Well, I certainly hope so. There will come a time when our species will have no choice but to institute population control measures, but we could prevent such catastrophe (your Pearl Harbor) by encouraging birth-control programs and small-family economic incentives today. The hypocrisy of the situation is clear, as we continue to manage wildlife populations for an ever growing human population. As you point out, the endgame is virtual wilderness, neatly packaged and fenced in; five generations later, of course, genetics will be the nail in the coffin of those species that find themselves in such a situation.

I also respected Peter's decision. In fact, I was relieved. Two days later, however, after another stalk - this one much longer - I did end up killing a beautiful ram impala. As I wrote in my journal that afternoon,

"I have killed. As I write, my hands are drying after recently being covered in blood and my face marked with ceremonial red streaks. The stalking was great and the hunt was fun, but I sought answers when I pulled the trigger. I only ended up with more questions. This impala was not mine to take. Botswana offered me much, but I had agreed not to kill before arriving and now I have done so. My father, however, is beaming."

The facts which made me more sanguine about the kill were as follows:
1) The ram was six years old - seven is a long life for impala - and had already been abandoned by his females and the rest of his herd. As we stalked him, two herds of impala moved away upon his approach. At that age, the ram was an undesirable, and according to Peter he would have wandered the rest of his days alone until he slowed enough to be taken by another predator.

2) Though I was not yet vegetarian-unless-I-kill/catch-it-myself, the impala meat fed the camp for the remainder of my stay and, one imagines, for at least several weeks more. The skin and lovely horns were sent home and I now have them saved.

I am not only ashamed of having killed the impala, though.

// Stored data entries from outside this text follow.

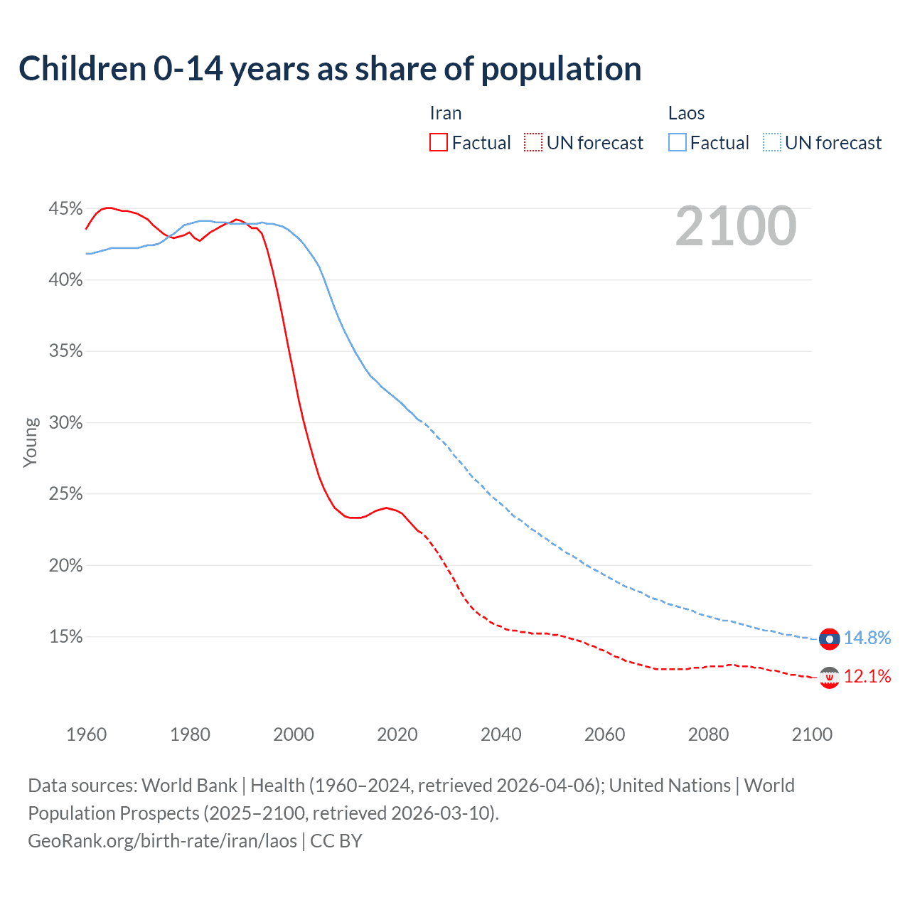 Iran has an annual birth rate of 13 births per 1,000 people, compared to 21.3 for Laos. The average number of children a woman is expected to have during her lifetime — the fertility rate, is 1.7 in Iran and 2.42 in Laos — 42.8% difference.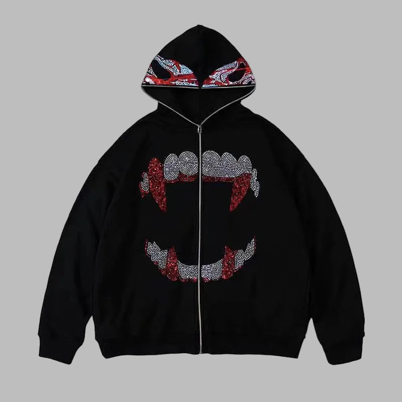 Damehettegenser med glidelås, svart gotisk med vampyrtenner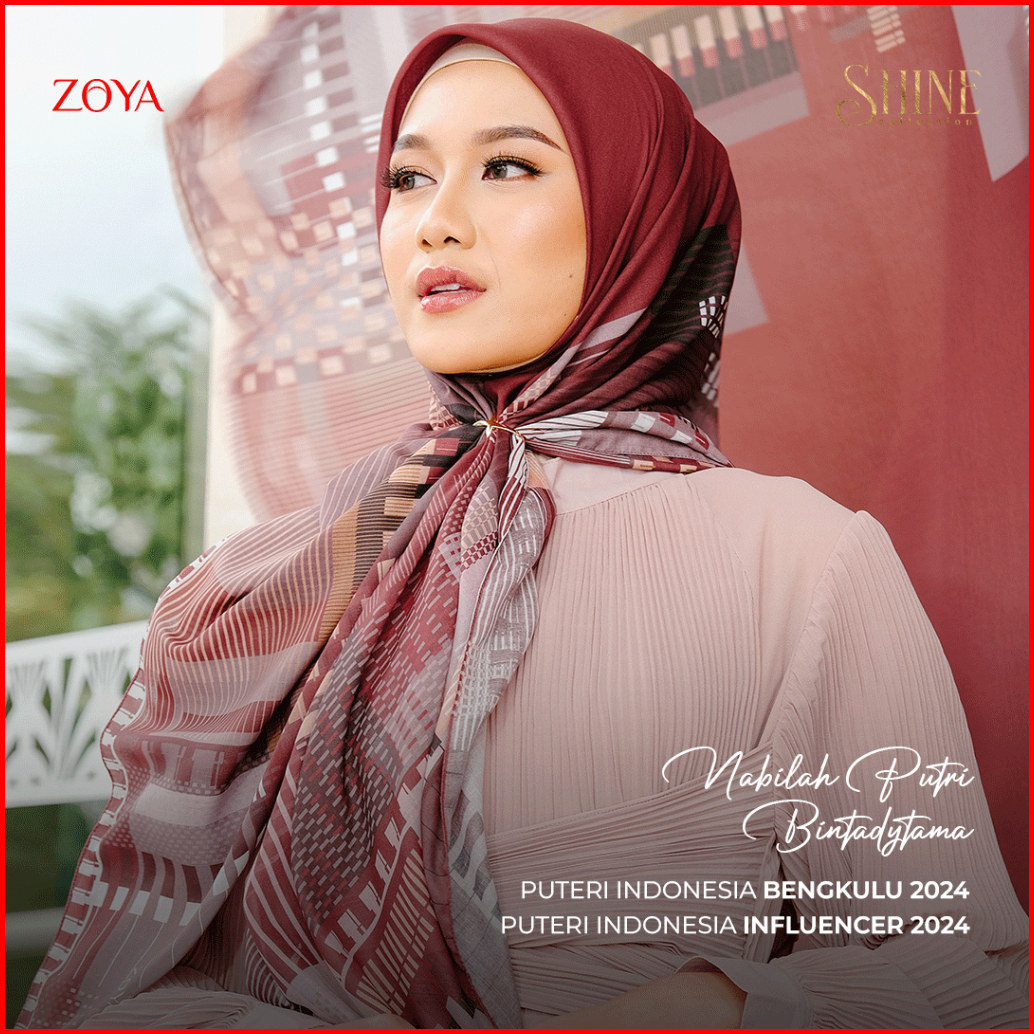 Zoya Audra Print Scarf - Kerudung Hijab Segiempat Motif With Box - Bahan Voal - Ukuran 115x115
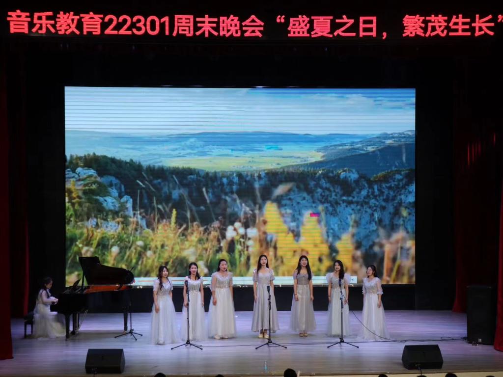 本站讯(艺术与设计学院 吴卿妍)为丰富校园文化活动,展现同学们积极向上的精神面貌,同时结合艺术与设计学院“周周有活动,班班有特色”的学院氛围,提升同学们的审美水平和人文素养,6月2日晚,艺术与设计学院在博达楼“艺飞扬”剧场举行了以“盛夏之日,繁茂生长”为主题的音乐晚会。本次晚会由音乐教育22301班承办。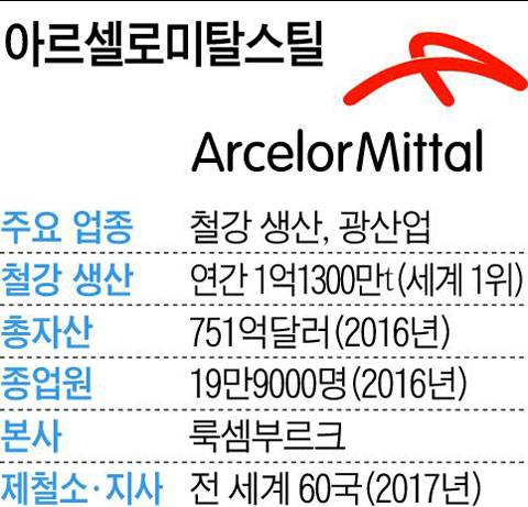 아르셀로미탈은 4개 대륙 27개국에 제철소를 둔 글로벌 기업이다. 세계 최대 철강왕인 인도인 미탈 회장이 2006년 유럽계 아르셀로스틸을 인수합병해 세운 회사이다. 당시 세계 1위 철강기업이었던 미탈은 세계 2위 아르셀로를 사들여 경쟁기업이 넘볼 수 없는 거대 철강기업을 탄생시켰다. 인수 금액은 395억달러(약 45조원)에 달했고 자문사 골드만삭스는 자문료로만 1억9000만달러를 챙겼다. 아르셀로미탈의 연간 철강생산 능력은 2007년 말 기준 1억2000만t으로 2위인 일본 신일본제철의 3270만t보다 3배 이상 많다.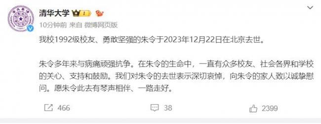 清华大学发文悼念写道,“朱令多年来与病痛顽强抗争。在朱令的生命中,一直有众多校友、社会各界和学校的关心、支持和鼓励。我们对朱令的去世表示深切哀悼,向朱令的家人致以诚挚慰问。愿朱令此去有琴声相伴、一路走好”。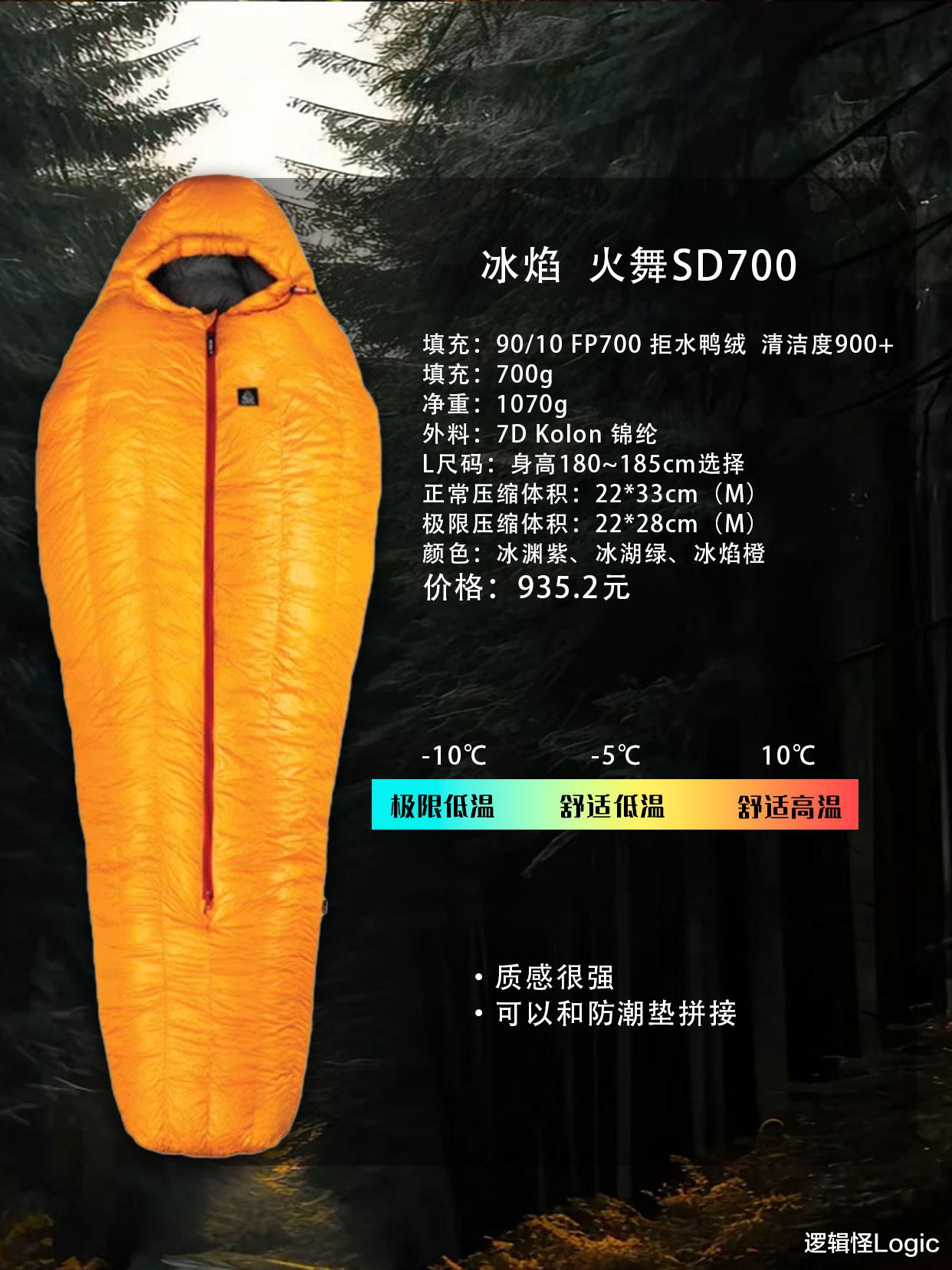 【冰焰 火舞SD700】采用700g 90%绒子含量、700FP拒水鸭绒,蓬松度领先,保暖性出色。外层为7D Kolon超轻尼龙,轻盈柔软,质感出众。净重1050g,压缩体积小巧(极限22×28cm),便携性强。舒适温度范围广(-5℃~10℃),适合多季节使用。特别设计可与防潮垫拼接,提升空间利用率和舒适度。单色黄色,辨识度高,适合追求个性与实用结合的用户。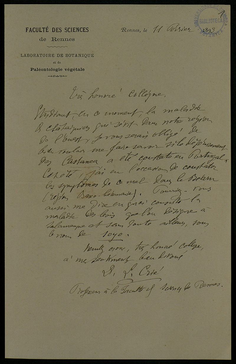 [Lettre], 1893 fév. 11, Rennes, [à Monsieur Júlio Henriques, Coimbra]
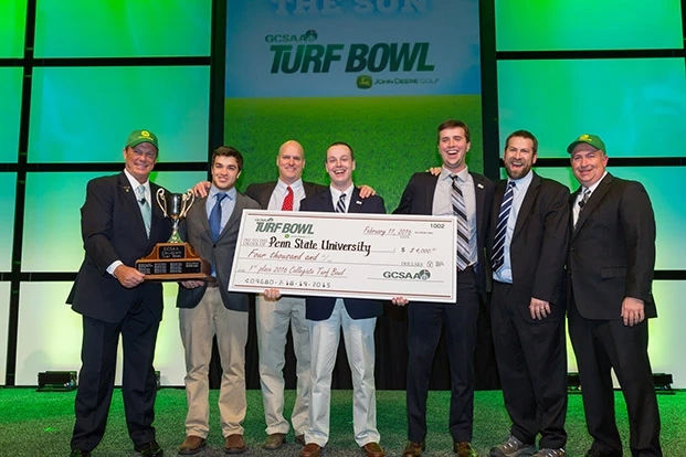 John Deere announced Penn State University as the 2016 winner of the GCSAA Collegiate Turf Bowl. John Deere and the GCSAA awarded the team the traveling trophy and $4,000 first-place prize.

We had tracked him for a long distance, at times "army crawling" over a sand patch to keep below the grasses and, at others, running blindly through a island of trees, scattering baboons (Papio cynocephalus), various birds and one particularly enormous, albino African rock python (Python sebae sebae). When the time came, I did make a heart shot I am proud of - off the back of Peter, as no trees were nearby, at nearly two hundred yards - and the excitement of the trackers, Peter and my father, allowed me to absorb the moment as best I could.

Unlike white-tail deer, though, impala are not really in need of much "management" in Africa's Okavango Delta. This last bit has never sat well with me. Sure, I was nineteen, but I still feel I should have put my foot down, even if I now look back on the experience with an odd mixture of pride and shame.

Hungry Hyaena said...

Egh...still at home, sick, this fine Monday morning.

Anyway, Devo, thank you for the compliments, thuogh I think my writing is pretty mediocre when considering the whole field.

The miner's stalking story is terrific. I only hope he was tracking the mountain lion without doggie backup; it just makes it that much more of an experience to track a big predator solo...certainly one I've never had.

Also, I've read some articles by miners that might surprise the average eco-crusader. Not everyone who ends up in that line of work is a soulless husk. The folks on top, however, are another matter.